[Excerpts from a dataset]
★ ★ ★ ★ ★ ★ ★

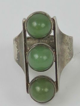 A 1970s style geometric three cabachon ring, no apparent hallmarks, size M-N.
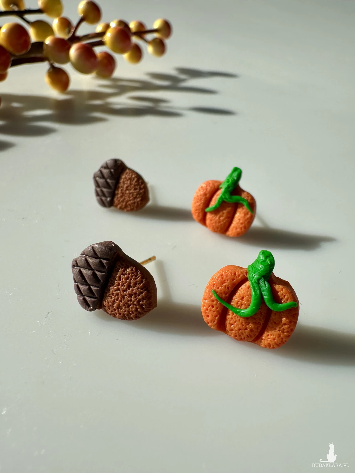 Komplet sztyftów jesiennych to zdecydowanie propozycja dla wszystkich 'Jesieniar'. Zestawy można komponować z małych dyń, mniejszych i większych żołędzi oraz liści dębu.
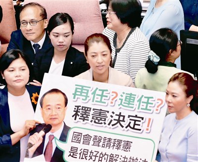 立法院院會昨天上午變更議程處理司法院人事案議程草案,國民黨團針對大法官被提名人許宗力,舉海報提出強烈抗議,原本到院準備備詢的行政院長林全(左上),笑著靜觀其變。圖/屠惠剛
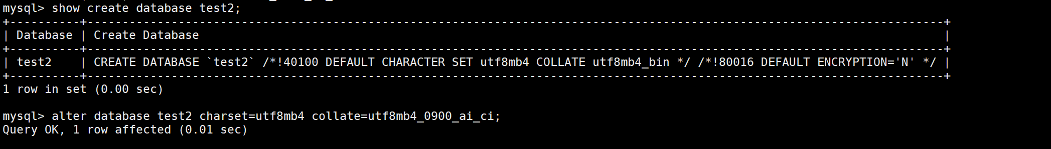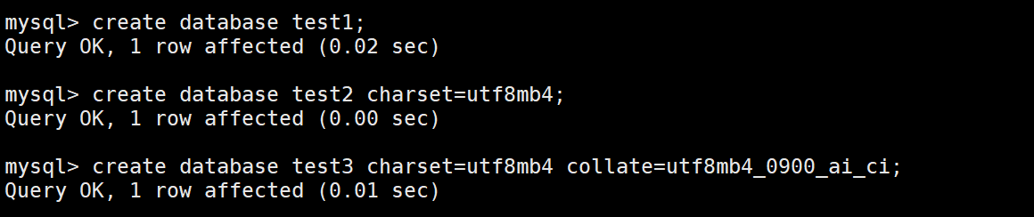 注意: 如果创建数据库时未指明数据库的编码格式或校验规则,则默认使用MySQL配置文件中对应的编码格式或校验规则。
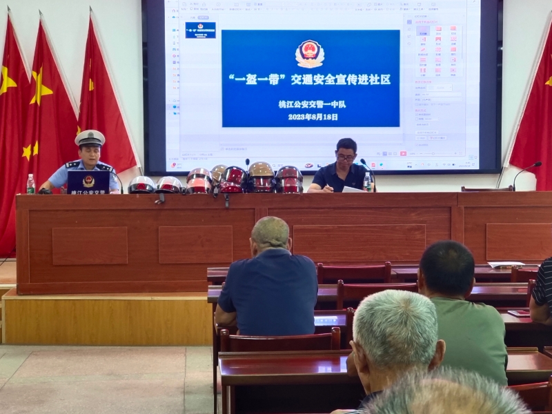 8月18日上午,桃江县公安局交通警察大队一中队民警走进桃花江镇半稼洲社区开展“一盔一带”交通安全宣传进社区活动。
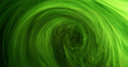 Glitter mist. Ink swirl. Magic spell. Defocused neon green black color vapor cloud shiny particles texture paint floating in water abstract art background.
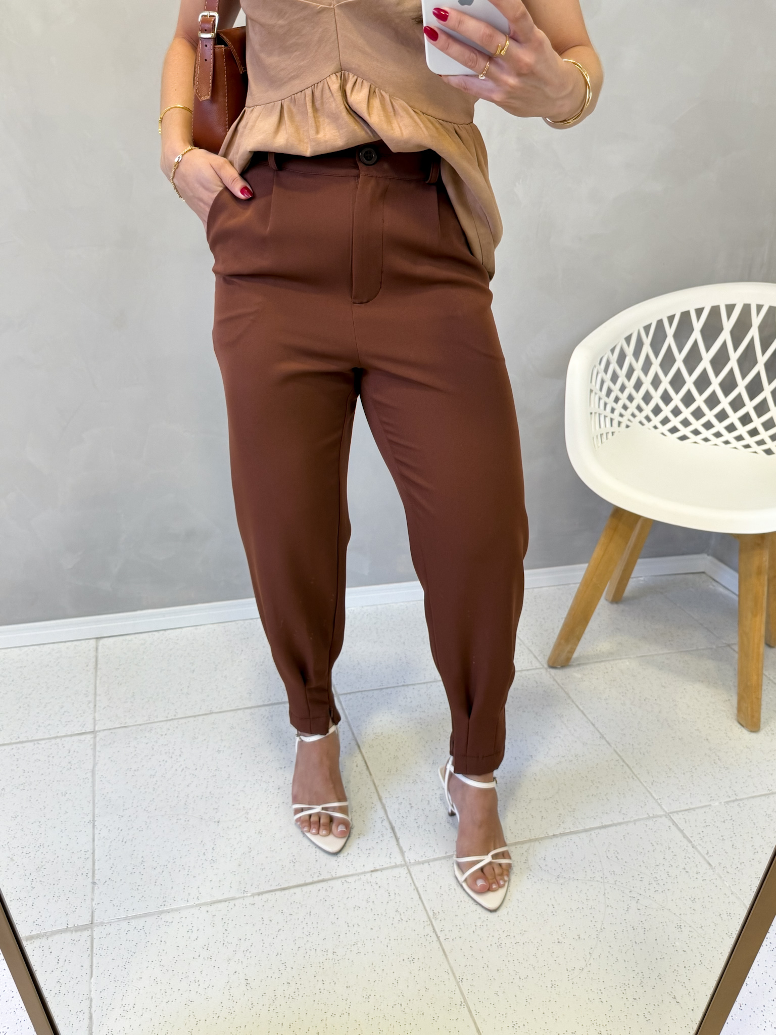 Características: modelagem calça cenoura em recorte alfaiataria , fechamento ziper + botão frontal .
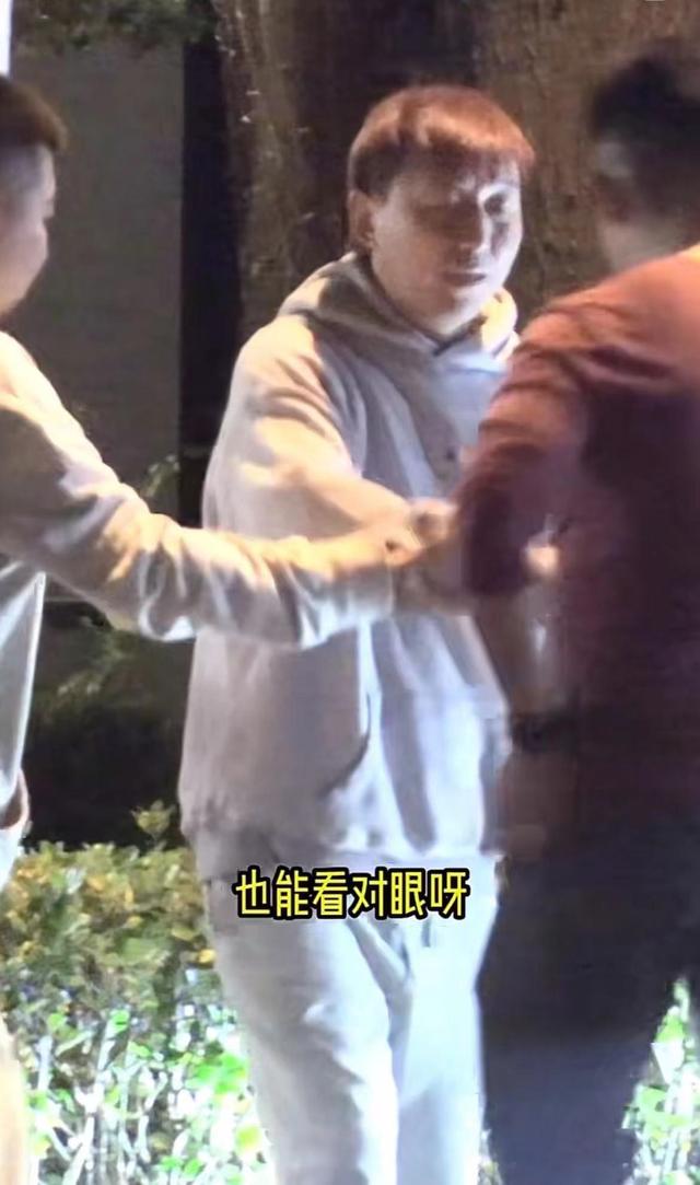 当天夜色已深,陈羽凡和一行友人外出,酒足饭饱后,他们站在马路牙子上等待网约车。在这群中年男人中,有一个身影吸引了大家的注意。
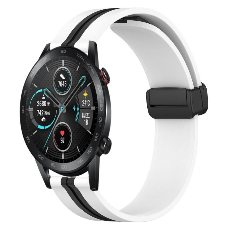Για Honor MagicWatch2 42mm 20mm Πτυσσόμενο μαγνητικό κούμπωμα ζώνη ρολογιού σιλικόνης (λευκό + μαύρο)
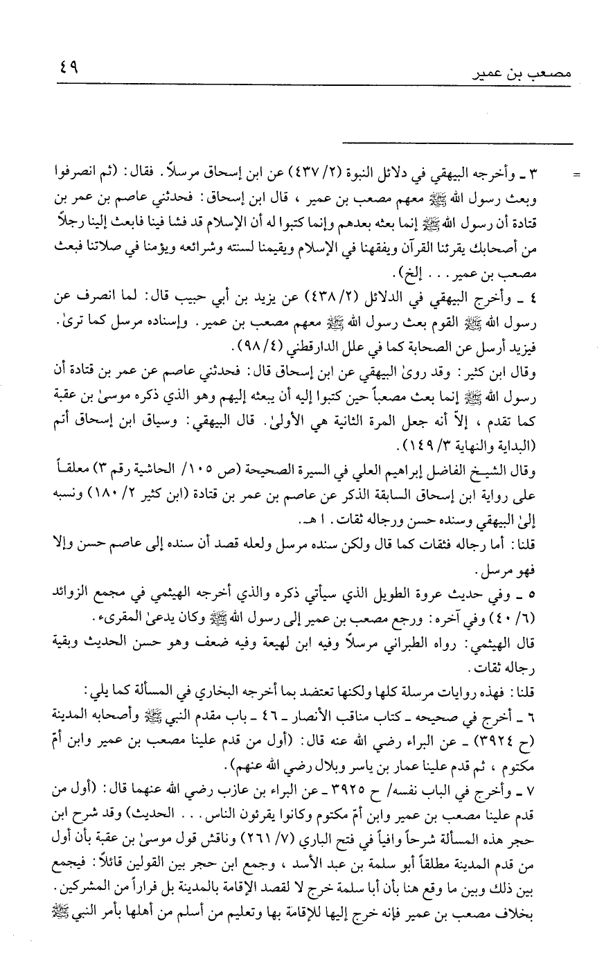 ٤ - وأخرج البيهقي في الدلائل (٢/ ٤٣٨) عن يزيد بن أبي حبيب قال: لما انصرف عن رسول الله - صلى الله عليه وسلم - القوم بعث رسول الله - صلى الله عليه وسلم - معهم مصعب بن عمير. وإسناده مرسل كما ترى. فيزيد أرسل عن الصحابة كما في علل الدارقطني (٤/ ٩٨).

★ ★ ★ ★ ★ ★ ★

:: Action item ::
Pictures are to be left out; please print the rest of the records above word for word.

:: The completed task ::
 A 1970s style geometric three cabachon ring, no apparent hallmarks, size M-N.
 Komplet sztyftów jesiennych to zdecydowanie propozycja dla wszystkich 'Jesieniar'. Zestawy można komponować z małych dyń, mniejszych i większych żołędzi oraz liści dębu.
 立法院院會昨天上午變更議程處理司法院人事案議程草案,國民黨團針對大法官被提名人許宗力,舉海報提出強烈抗議,原本到院準備備詢的行政院長林全(左上),笑著靜觀其變。圖/屠惠剛
 注意: 如果创建数据库时未指明数据库的编码格式或校验规则,则默认使用MySQL配置文件中对应的编码格式或校验规则。
 8月18日上午,桃江县公安局交通警察大队一中队民警走进桃花江镇半稼洲社区开展“一盔一带”交通安全宣传进社区活动。
 Glitter mist. Ink swirl. Magic spell. Defocused neon green black color vapor cloud shiny particles texture paint floating in water abstract art background.
 Características: modelagem calça cenoura em recorte alfaiataria , fechamento ziper + botão frontal .
 当天夜色已深,陈羽凡和一行友人外出,酒足饭饱后,他们站在马路牙子上等待网约车。在这群中年男人中,有一个身影吸引了大家的注意。
Για Honor MagicWatch2 42mm 20mm Πτυσσόμενο μαγνητικό κούμπωμα ζώνη ρολογιού σιλικόνης (λευκό + μαύρο)
 ٤ - وأخرج البيهقي في الدلائل (٢/ ٤٣٨) عن يزيد بن أبي حبيب قال: لما انصرف عن رسول الله - صلى الله عليه وسلم - القوم بعث رسول الله - صلى الله عليه وسلم - معهم مصعب بن عمير. وإسناده مرسل كما ترى. فيزيد أرسل عن الصحابة كما في علل الدارقطني (٤/ ٩٨).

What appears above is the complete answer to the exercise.